SB: Unpredictable is an adjective often applied to your work and the sculptures in this exhibition, as well, offer plenty of riddles regarding their physical nature.

JN: Yes, these sculptures are very much in contrast to the usual concepts of gravity and truth to the material. I would like my works to be more buoyant, more illusionistic, although usually we associate terms like that — at least in the visual arts — with the territory of painting.

SB: It gives them a magical quality, defying the common sense of what is possible.

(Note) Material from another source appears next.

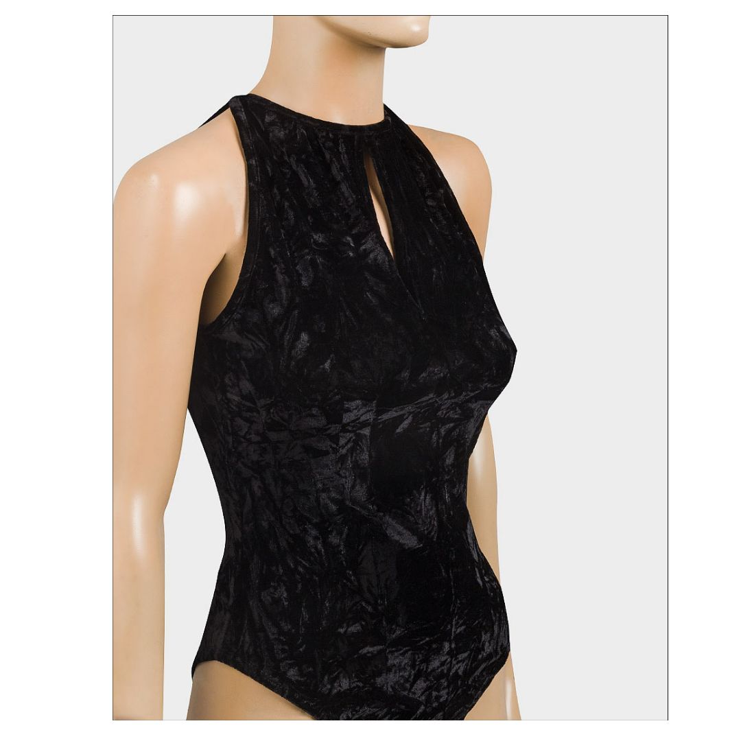 Made from crushed velvetCrew neckline with buttons fasteningKeyhole to front & backSleeveless designPress stud bottom fasteningFigure fitBlackAffordable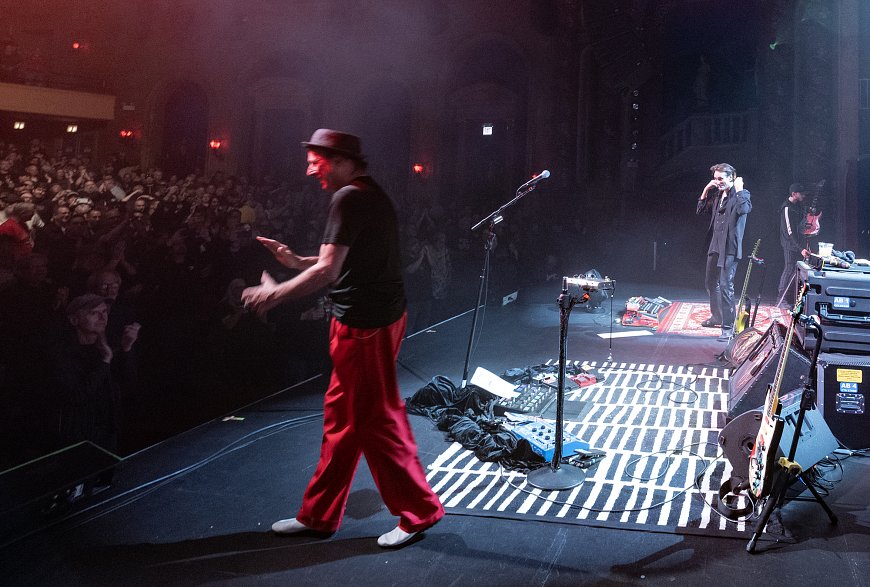 and heading down to stage level, the ever practicing Danny

JN: There is a contradictory element in my work; paradoxical and even fictional — as strange as that sounds — since an object is a concrete thing. But to actually turn that idea upside down and to wonder how something is “actually there” is of interest to me. The same applies to the material. In these works, you often do not know what material the parts are made of. And, yet, another component joined to one of these parts will be absolutely obvious as to its material and its making. I think of processes and materials as metaphors — fraught with meaning and association — and by placing disparate ones together, I hope to achieve a resonance not unlike the ringing of a tuning fork that will create a third-thing, an invented, unknown and un-nameable consequence of that conjoining.

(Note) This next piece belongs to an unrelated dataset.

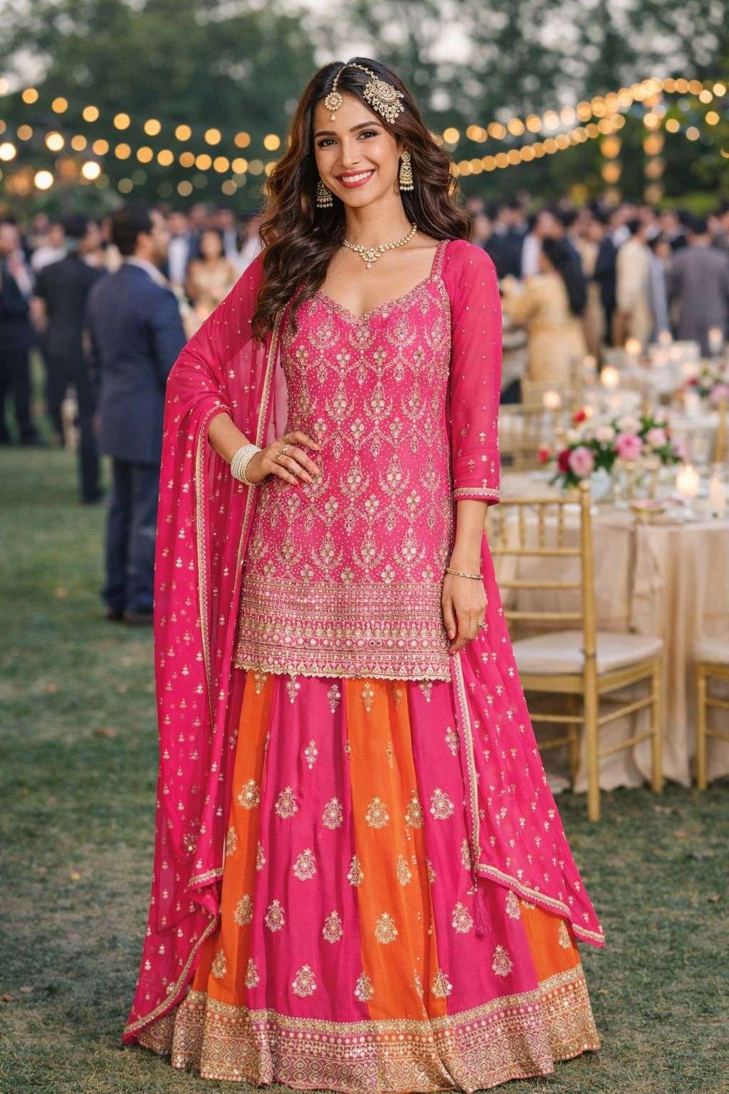 FABRIC - PREMIUM REAL GEROGETTE (HEAVY LOOK EMBROIDERED TOP WITH HAND SEROSKI AND FRONT BACK EMBROIDERED LEHENGHA & PLAZZO WITH EMBROIDERED DUPATTA)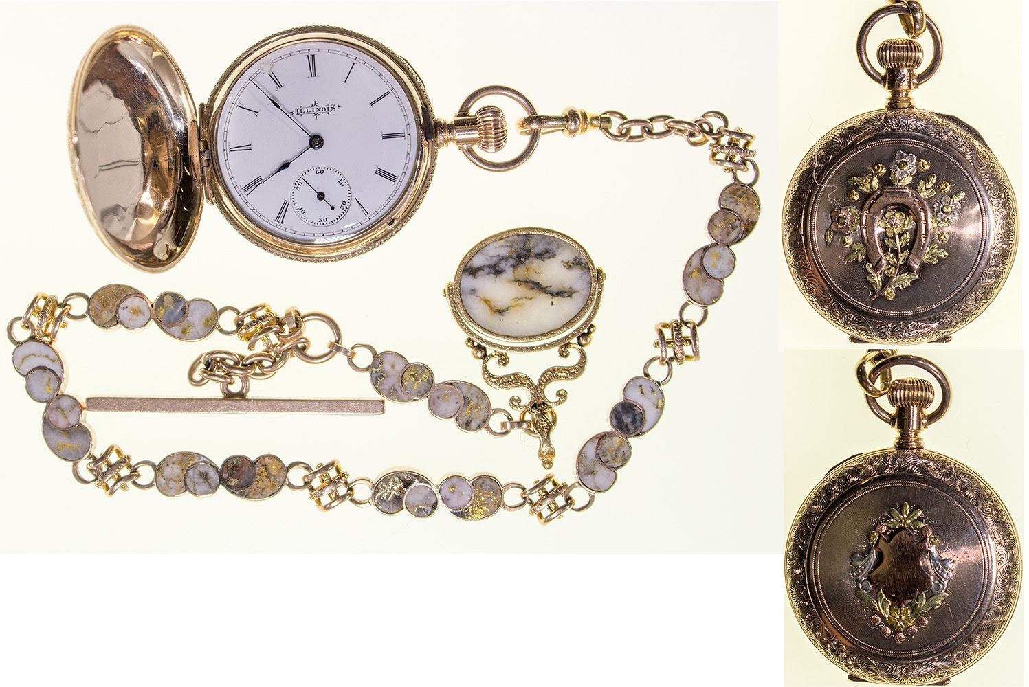 Pocket watch with a chain containing 7 sets of small gold/quartz samples and one large (27mm x 32mm) gold quartz sample. Watch has fancy engraving and the script is also fancy. This must have been an expensive watch on its own. Illinois watch. By 1890 the Illinois watch company had established corporate offices in San Francisco. Presented to John J. Kelley (Kelling) on June 7, 1899. Date: 1899 Location: California HWAC# 22753

SB: Let us speak about the concept of intimacy in relation to your work — the notion that one has to get incredibly close to engage with them. Intimacy can lead to the thorough knowledge of something or someone, but it also requires self-reflection. In the case of your work, it seems both viewer and object are significant parts of the same discovery.

JN: Yes, that’s what intimacy is; a discovery made together, because you are giving up something in exchange for something you gain. I could compare it to two dogs approaching one another, you don’t know if you will be bitten or licked. There is danger, anxiety, humor and joy all wrapped together. If your position is nose to nose, there is no peripheral vision. You are too close. In addition, your way of looking becomes very feeling-full and, I hope, emotional — not in a literal “this story made me cry” way, but in a way that only intimacy can bear. That is the quality that interests me. Basically, I want the viewer to think, “What is this thing and what am I doing here asking the question, ‘what is this thing’? If one can extend that thought then one might ask, ‘what am I doing here’? And then, when one encounters things out in the world that are unfamiliar there might be a funny little echo, a memory of the encounter with this sculpture to help you unlock and unblock other things unknown. The sculptures then, at best, become instruments of consciousness-raising.